I’ve heard rumors about what happens here. This is where Unchanged kids like the ones in the back of this van end up. I don’t know what they do to them, and I don’t want to know, either. A long time back I heard that they could be “turned” to be like us, but I don’t know if that’s true. More to the point, does it even matter, now the Unchanged are all but extinct? I look at the children in the cage—still cowering, still crying—and I wonder whether I should do them a favor and kill them now. Put them out of our misery. I must be getting soft. I don’t think I’d be able to do it.

We come to an abrupt halt in the middle of the road that runs parallel with the seawall, well short of the factory. The wind is fierce tonight, and immense waves batter against the sides of the wall, sending huge plumes of spray shooting up into the air, then crashing back down again. The noise and the water and the constant rocking of the van in the swirling breeze make me feel like I’m trapped in the eye of a hurricane, the full might of which is, for some reason, focused on me alone.

“Out,” the driver shouts, and it takes a couple of seconds before I realize he’s talking to me. I get up and move toward the back of the van. The kids panic again because they think I’m coming for them, but I’m the least of their problems tonight.

I jump out of the van and land hard on my weak right leg. My feet have barely touched the ground before the driver accelerates away again, the back door still swinging open. He swerves around to the right onto a narrow access road, then disappears away into the bowels of the factory complex.
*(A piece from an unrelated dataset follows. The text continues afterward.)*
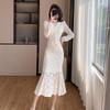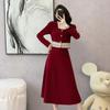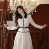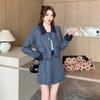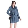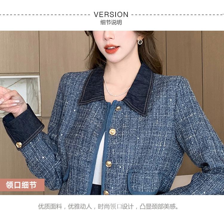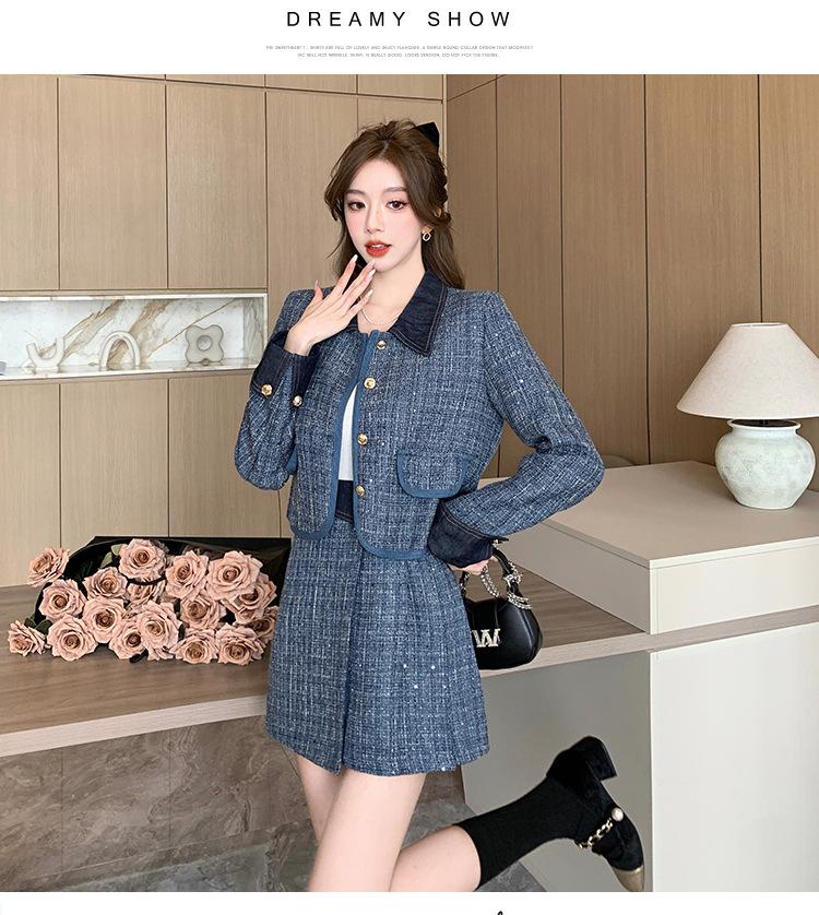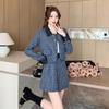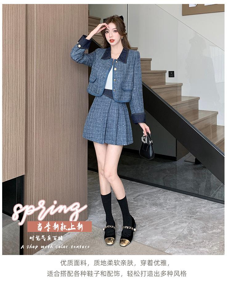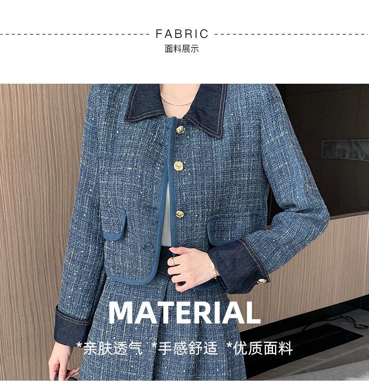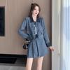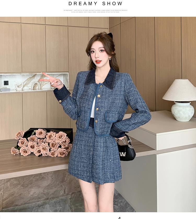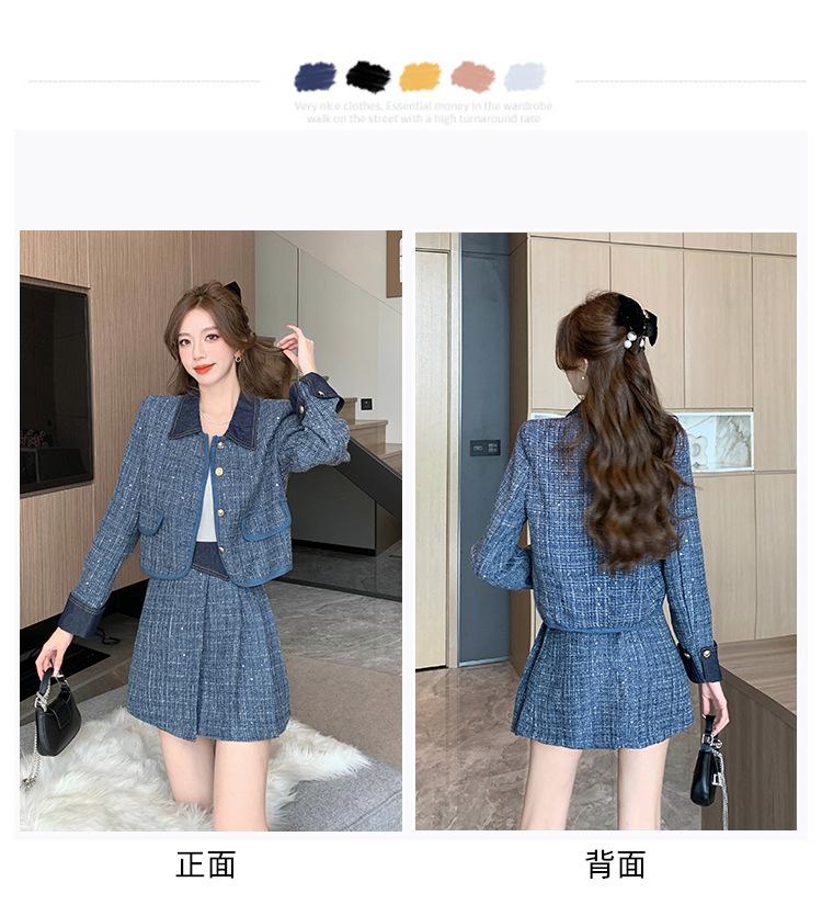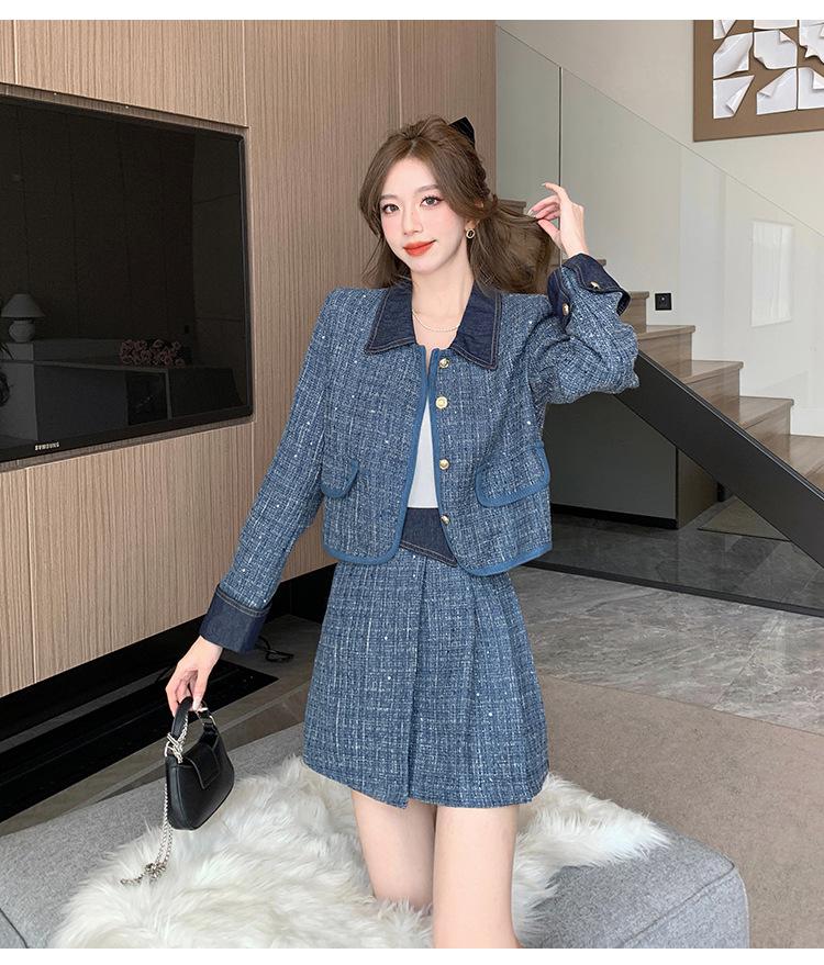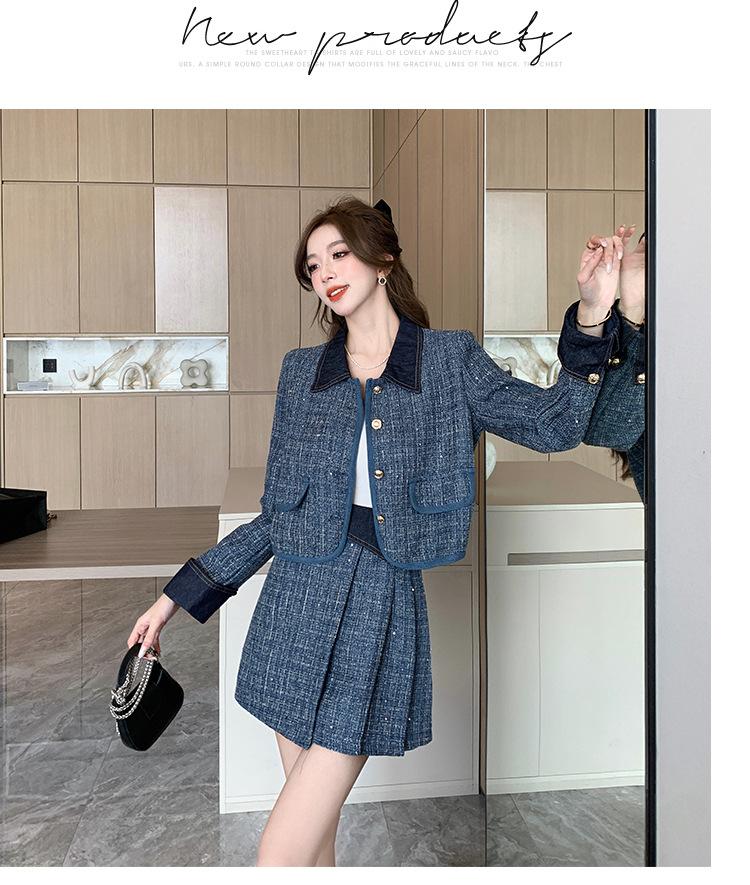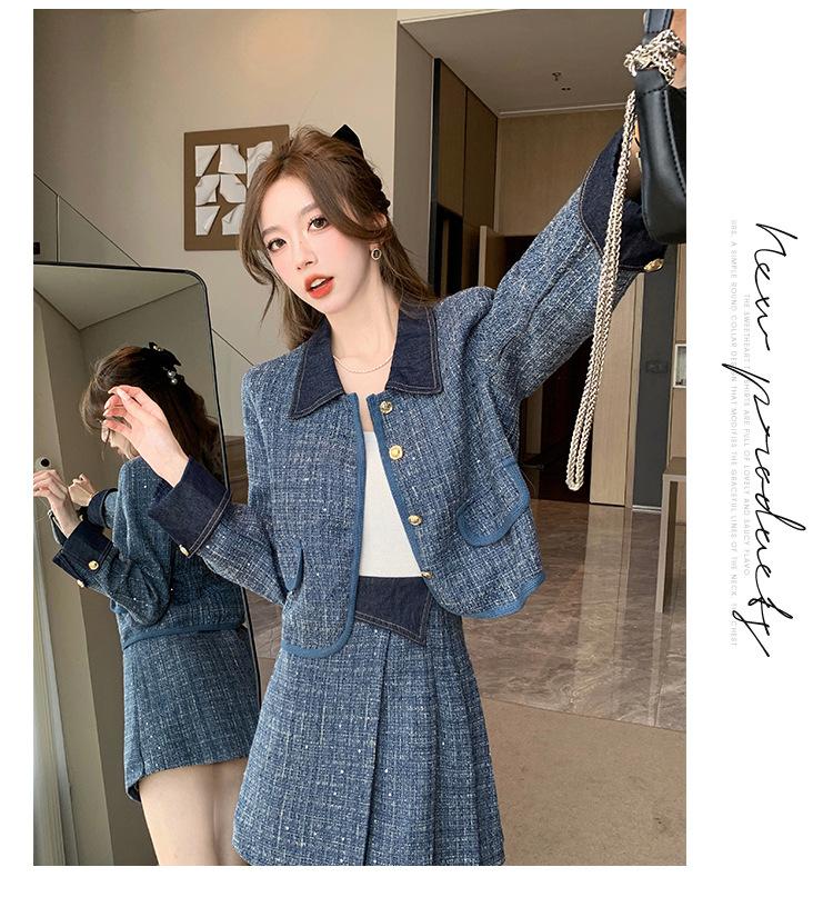 Conjunto de dos piezas con falda y top de tweed, estilo francés azul pequeño y fragante, de otoño, de tiro real

Suddenly I’m alone: soaking wet and freezing cold, just me and the sea and no one else. I haul my backpack up onto my shoulders and start walking along the seawall back out of town, welcoming the isolation.

An enormous, motionless wind turbine towers above everything in this part of Lowestoft, and I gaze up at it as I pass. Hinchcliffe thinks he’s going to get it operational again one day soon, so the town will have a steady power supply rather than having to rely on generators and the like. I hope he’s right. For now it just stands here useless: one of its massive blades broken, its internal mechanics and wiring no doubt completely fucked. It’s a huge white elephant: a constant reminder of what this place used to be.

I pull my coat tight around me, put my head down, and walk. The house is still more than a mile away. I could live with the chosen few in Hinchcliffe’s compound if I wanted to, but I’d rather not. I prefer to remain at a cautious distance on the very outskirts of town, well away from everyone else. Out there I’m close enough to Lowestoft to be able to get in and take what I need, but still far enough away to stay out of sight and out of mind of everyone else.